Bu aşamada da konu her zamanki gibi Türkiye suyuna hayran olanlarla Türkiye suyunu istemeyenler gibi sığ bir kutuplaşmada sıkışıp kaldı.

Oysa proje en başından, ihale süreçleri, işletim modelleri ve kullanım alanlarıyla uygunsuzluklar içeriyordu.
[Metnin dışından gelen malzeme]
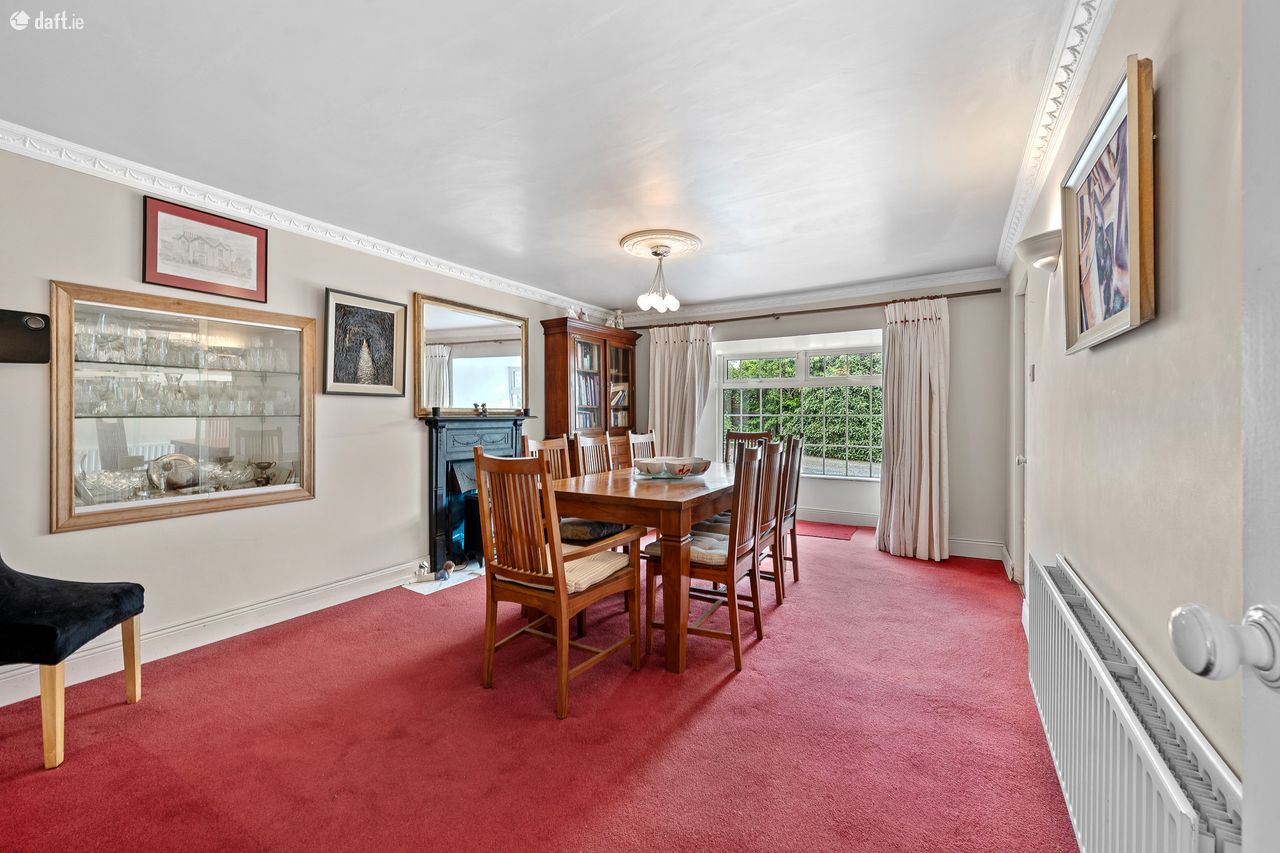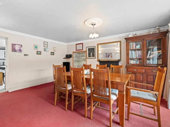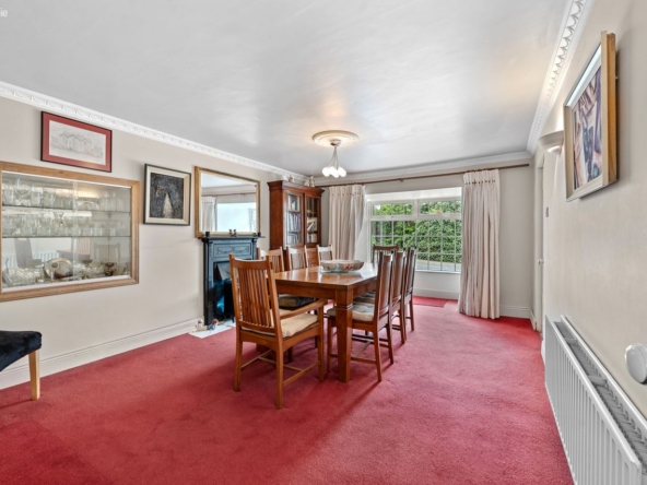 Dining Room: Front aspect room with bay window, electric stove fitted with cast iron surround, carpeted flooring, ceiling coving and centre rose. Door to:

Ne var ki Türkiyeli bakanlar “size harup ağacı getireceğiz” derken, bizim yetkililerimiz bu suyu nasıl ve nerede daha verimli kullanabiliriz diye çalışma yapmamış ve yıllar içinde heba ettikleri doğal bitki örtüsü olan harubun utancını da yaşamamışlardı.

Benzer tartışmayı külliye projesinde de yaşadık.

Projeyi iptal edemeyen, ideolojik modelini dönüştüremeyen yapı, sivil toplumu, iktidarı, iş dünyası ve muhalefetiyle hepimizin ortak yapısıdır.

Şimdi bitmiş bir konu üzerinden tartışma zemini aramak sadece anlamsızdır.

Bugünlerde gündemimizde Telekomünikasyon Dairesi’nin özelleştirilmesi, ya da Türk Telekom’a devredilmesi ve yeni İlahiyat Koleji projesi var.

Her iki konu da yıllardır, her yıl yenilenen Türkiye-KKTC mali protokolünde yer alan konular.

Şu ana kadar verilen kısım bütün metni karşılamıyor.